→ **What is required**: Return the following lines and nothing else: the one holding "英孚-最派克用了粉色的特斯拉电动汽车作为队车" and all those after it in the records below, unchanged, minus any pictures.

→ **Items from a data source**:
□ □ □

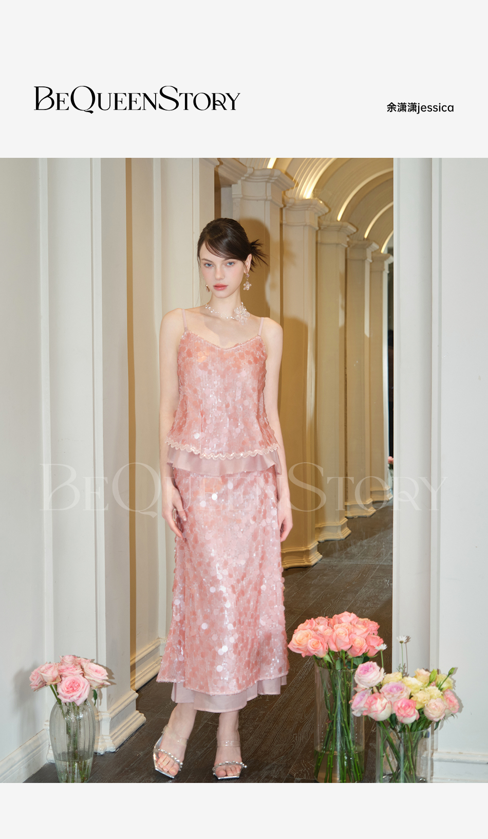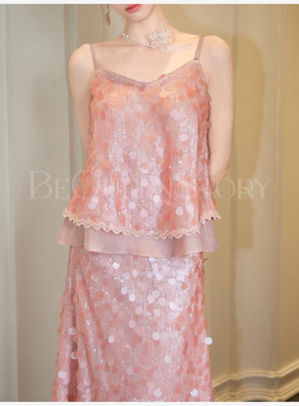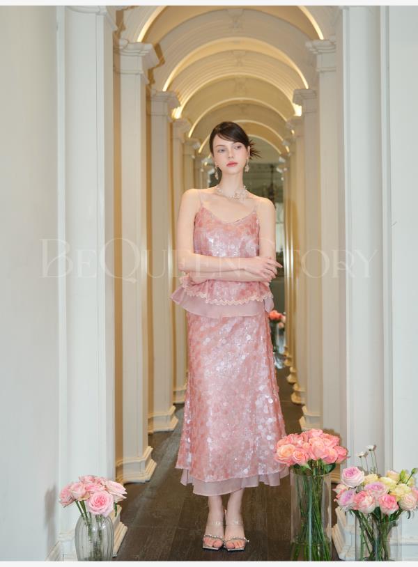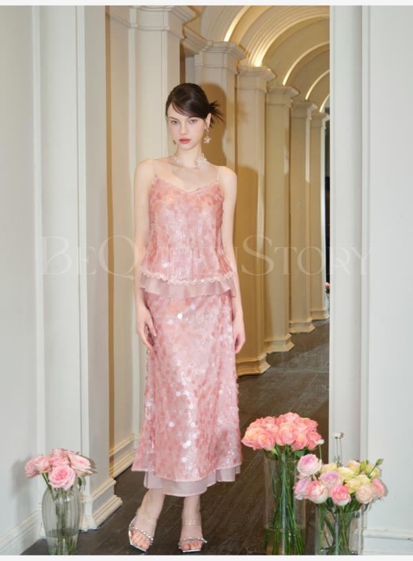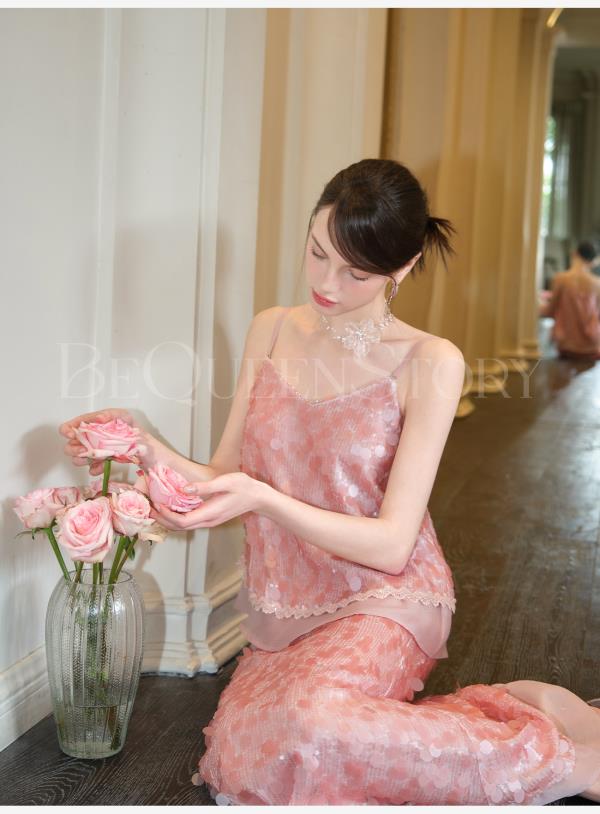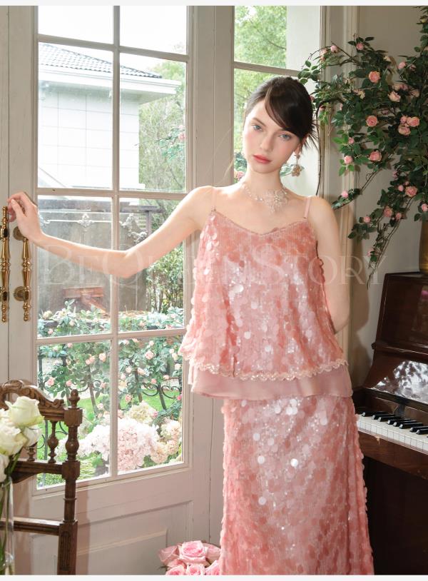 余潇潇【星露千金】2025春装新款时尚气质亮片设计上衣&裙子套装女
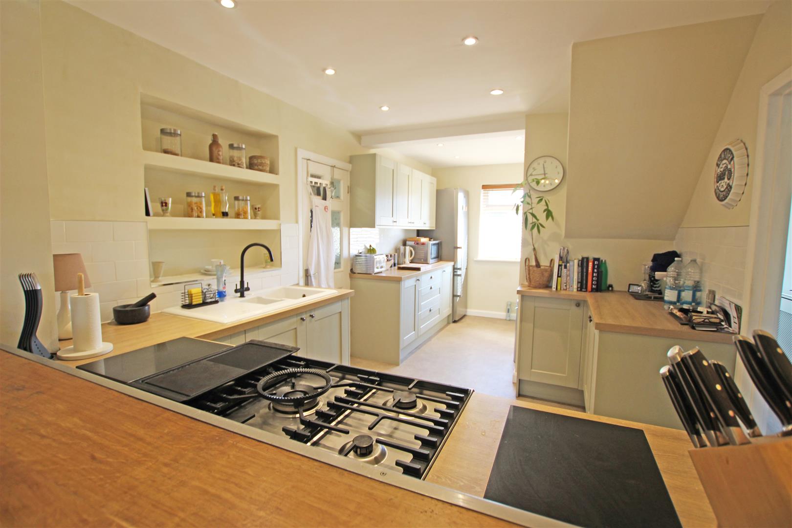 Fitted with a range of base and eye level kitchen units, door to
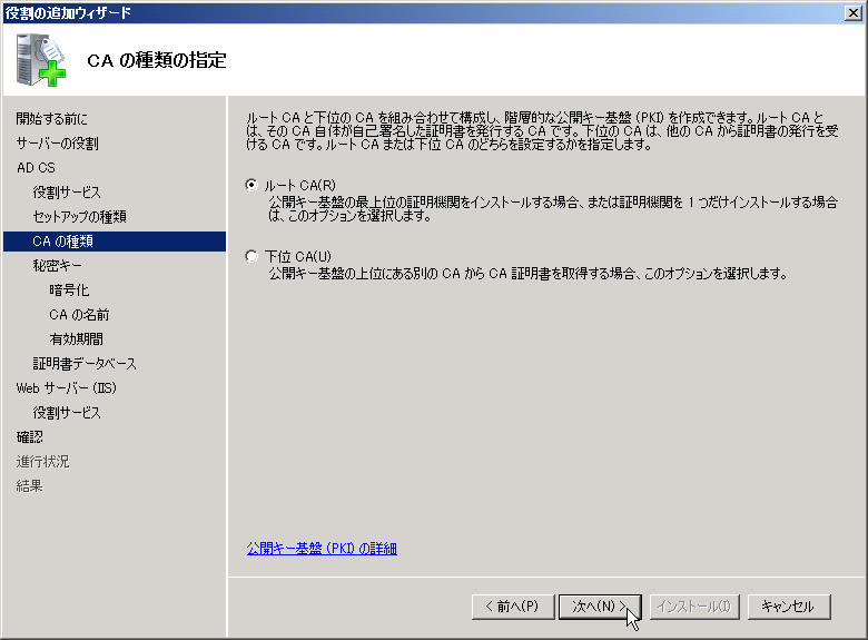 CS をインストールしていますが、別のサーバーや、AD CS 専用のサーバーを作って AD CS をインストールしても構いません。
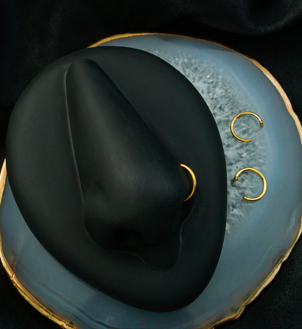 Created from ASTM F136 titanium with a PVD gold plating. Its bendable design ensures a comfortable fit, and with two size options (20G & 18G), you can find the great fit. Inner diameter is about 5/16" (8mm). Sold individually. For healed piercings.
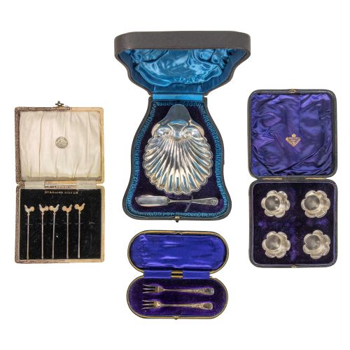 (4) items including a cased butter dish and knife by James Deakin and Sons, a cased set of (2) cocktail forks, a cased set of (4) salt cellars and a cased set of (5) tooth picks (all having lion passant or marked "sterling")
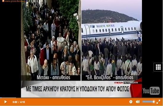 The Holy Fire arrived at the Athens International Airport at 19.30 and was received with honours of a state leader during a special ceremony. The Holy Fire was lit earlier in Jerusalem where the an official Greek governmental delegation received it and boarded on the Prime Ministerial airplane and flown back to Athens. The first stop from the airport will be the Church of Metochi in the Plaka district in downtown Athens, before The Light will be transported all Orthodox Christian Metropolis across the country.
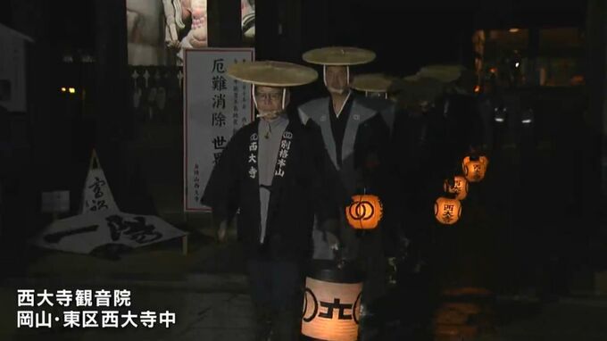 午前0時、9人の使者が西大寺観音院の仁王門から出発しました。
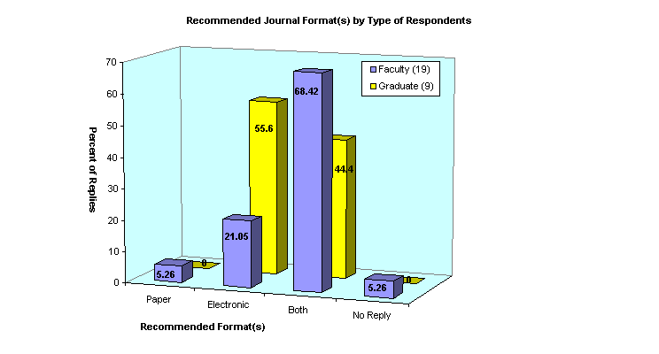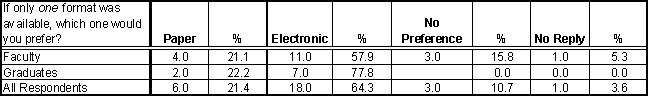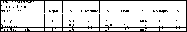 Most of the faculty (68.4%) recommended that the library continue to subscribe to both print and electronic formats, while 21.1% recommend electronic access only. Only one faculty recommended subscription to paper format only. However, if only one format was available, the majority of the faculty (57.9%) and the graduate students (77.8%) identified electronic access as the preferred option. Four (21.1%) of the faculty identified paper as the preferred option and 3 (15.8%) of them had no preference. Overall, 18 respondents (64.3%) recommend electronic access, 6 (21.4%) recommend paper, and 3 (10.7%) had no preference.
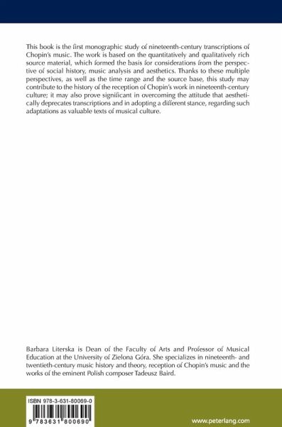This book is the first monographic study of nineteenth-century transcriptions of Chopin's music. The work is based on the quantitatively and qualitatively rich source material, which formed the basis for considerations from the perspective of social history, music analysis and aesthetics. Thanks to these multiple perspectives, as well as the time range and the source base, this study may contribute to the history of the reception of Chopin's work in nineteenth-century culture; it may also prove significant in overcoming the attitude that aesthetically deprecates transcriptions and in adopting a different stance, regarding such adaptations as valuable texts of musical culture.
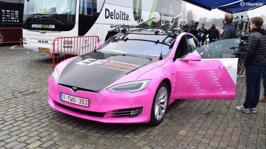 英孚-最派克用了粉色的特斯拉电动汽车作为队车
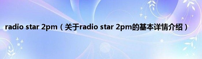本文关于radio star 2pm的基本详情介绍就讲解完毕,希望对大家有所帮助。
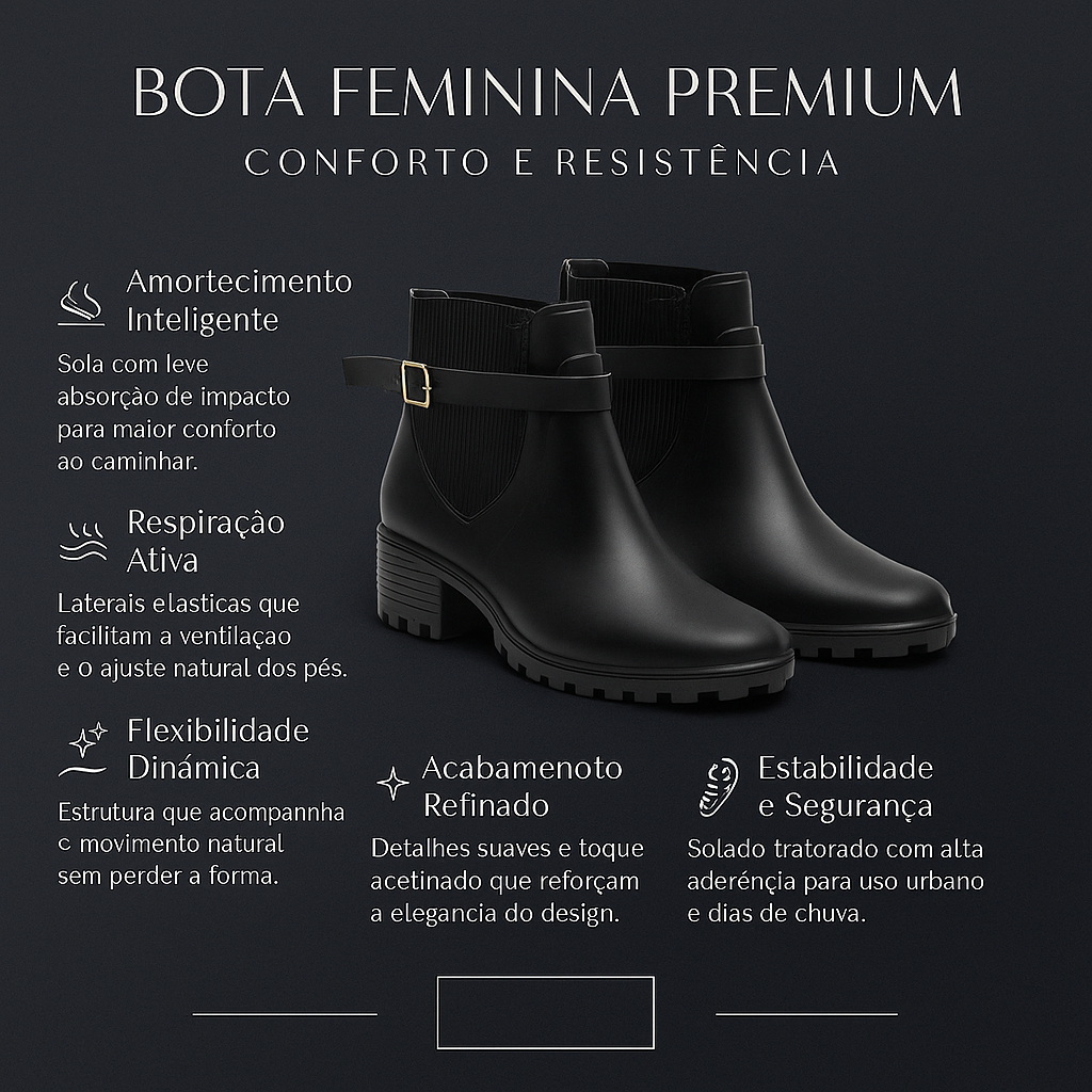 Bota Feminina Inverno Cano Curto Galocha Impermeável Ideal Para Chuva e Frio
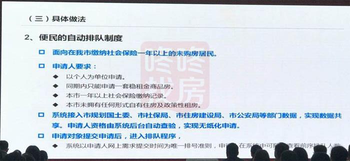 2、便民的自动排队制度。我们有面向对象的要求,即在我市缴纳社会保险一年以上的未购房居民,可以以个人为单位申请,同期内只能申请一套稳租金商品房,本市一年以上社保缴纳记录,本市未拥有审核形式自有住房及政策形成租房。系统接入规土委、社保局、住建局、公安局等部门数据,实现工具共享,申请人资格由系统后台自动查验,大家只需要输入身份证号,后台会自动查验你是否符合租房要求。申请提交后进入排队程序,以晚上提交时间为少有的排号准则,先到先得。

□ □ □

→ **Response to the exercise**:
 英孚-最派克用了粉色的特斯拉电动汽车作为队车
本文关于radio star 2pm的基本详情介绍就讲解完毕,希望对大家有所帮助。
 Bota Feminina Inverno Cano Curto Galocha Impermeável Ideal Para Chuva e Frio
 2、便民的自动排队制度。我们有面向对象的要求,即在我市缴纳社会保险一年以上的未购房居民,可以以个人为单位申请,同期内只能申请一套稳租金商品房,本市一年以上社保缴纳记录,本市未拥有审核形式自有住房及政策形成租房。系统接入规土委、社保局、住建局、公安局等部门数据,实现工具共享,申请人资格由系统后台自动查验,大家只需要输入身份证号,后台会自动查验你是否符合租房要求。申请提交后进入排队程序,以晚上提交时间为少有的排号准则,先到先得。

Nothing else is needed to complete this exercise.